Stranger than Science Fiction


Novelist John Steinbeck's best friend was Ed Ricketts, a marine biologist and pioneering ecologist who published Between Pacific Tides. Ricketts' masterwork is a classic not only of marine biology but also of literature. The science in the book is mind-blowing; the writing is muscular. Ricketts provided the model for "Doc," the beer-guzzling philosopher-scientist of Steinbeck's classic Cannery Row. Ricketts also inspired other literary luminaries such as Henry Miller and Joseph Campbell. His lab in Monterey, Pacific Biological Laboratories, served as a meeting place for fertile minds that mixed science, art and philosophy in a stimulating brew.

The intersection of marine biology and human imagination is rich territory for writers. When I was a kid I devoured science fiction. Now I have little need for this speculative genre to stretch my mind. Landscapes along Oregon's Coast seem like scenes from other worlds. And there is nothing stranger in science fiction than the real creatures that inhabit the intertidal zone.

Today at the ocean's edge I witnessed a war taking place between two colonies of anemones battling for territorial supremacy on a boulder. The human mind could not conjure forms of life more bizarre than the organisms that evolved where land and sea collide. When the tide recedes, we glimpse psychedelic color and hallucinogenic form--a fever dream of unsettling savagery and startling beauty.

Flustrellidra corniculata, the branched-spine bryozoan, can easily be mistaken for kelp. But this mind-bending life-form is a colony of minute animals that extend tiny tentacles to feed. Under magnification, a bryozoan, or "moss animal," is as compelling as any creature conjured in the science fiction canon. Human inventiveness can seem feeble when compared to the creative force of evolution through natural selection.
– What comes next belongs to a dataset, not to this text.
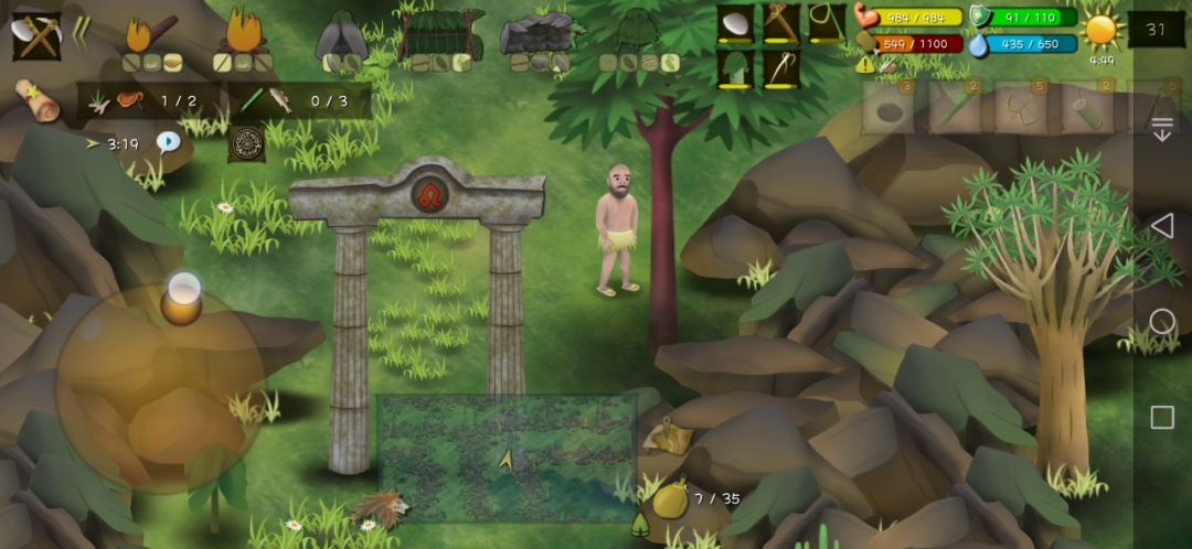 背景:手残,已经彻底放弃打猎了,无兽袭。其它图:地图:绿色是两片竹林,竹林上方的紫色区域可以建第一个营地,竹林中间的黄色区域(几丛石头中间)可以放大套索陷阱捕野猪和捕鳄鱼陷阱。开局:海岛地图是没有淡水的,但椰子非常丰富,一个椰子可补充100淡水,完全够用。尽快做竹竿套索摘椰子,淡水过滤器不急着做。如果把营地建在两片竹林上方,可以考虑建石屋,竹林上方的干燥走廊地带大石头比较多。工具:斧头

How can an animal like a branched-spine bryozoan exist in the world? And why aren't people running through the streets screaming at the sheer strangeness of it all?
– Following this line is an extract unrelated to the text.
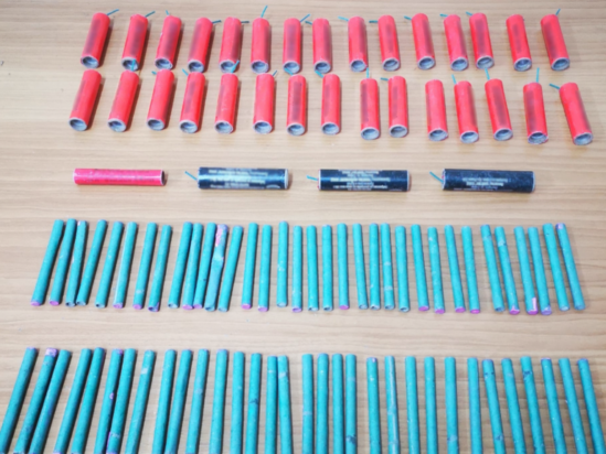 Σύμφωνα με αστυνομικές πηγές στην κατοχή του εντοπίστηκαν 2 εκτοξευτήρες με 16 κροτίδες.

Ed Ricketts studied life in all its fascinating forms, from snails to cannery workers. As a pioneering scientist, he elucidated ecological principles before ecology was taught in college courses. But he was also an explorer of the strange borderland where science and creativity overlap at the ocean's edge. He understood that gazing into tidepools can blow minds wide open, allowing the howling weirdness of the universe to fill them.